The purpose of my question is to determine if a specific kind of reasoning is true or false.
Let's say that for every positive natural number $a$, there is a at least $n$ "special numbers" in the interval of natural numbers $[a,ak]$ where $k$ is a constant.
Is it true that, by multiplying the boundaries by $z$, the number of "special numbers" in the interval $[az, akz]$ is also multiplied by $z$?
If no, why ? And if yes, what are the conditions on $z$ for this being true ?
Let's define the set of special numbers as $\{1, 2, 4, 8, 16, \dots\}$ and take $k = 2$.
For $a = 1$, the interval $[a,ak] = [1,2]$ contains two special numbers, for $a = 3$, the interval $[a, ak] = [3, 6]$ contain one special number.
Take $a = 1$. If the answer to you question was YES, then, for all $z\in\mathbb{N}$, the intervals of form $[az, azk] = [z, 2z]$ should contain at least $2$ special numbers, which is not the case.

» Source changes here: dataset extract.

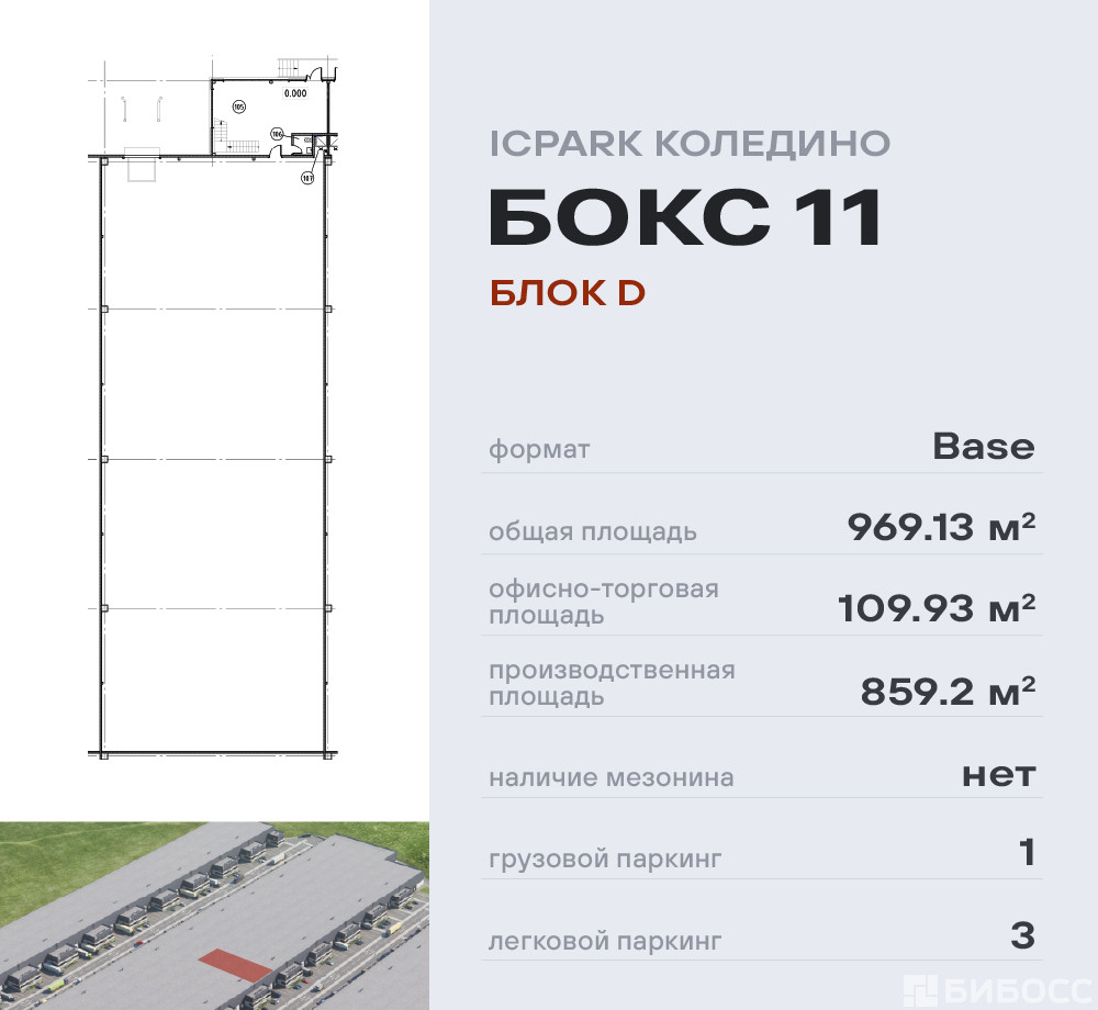 Планировочное решение включает в себя пространство для производства, склад или логистику 859,2 кв.м, а также офисную часть 109,93 кв.м.

Maybe, we should prove that all intervals $[a, 2a]$ contain at least one special number, otherwise the upper set is not a counterexample.
If there is a number $a\in \mathbb{N}$ such that $[a, 2a]$ does not contain a power of two, that it follows that $$2^m < a\quad \text{and} \quad 2a < 2^{m + 1}$$ for all $m\in\mathbb{N}$, which obviously leads to contradiction if we divide the second inequality by $2$.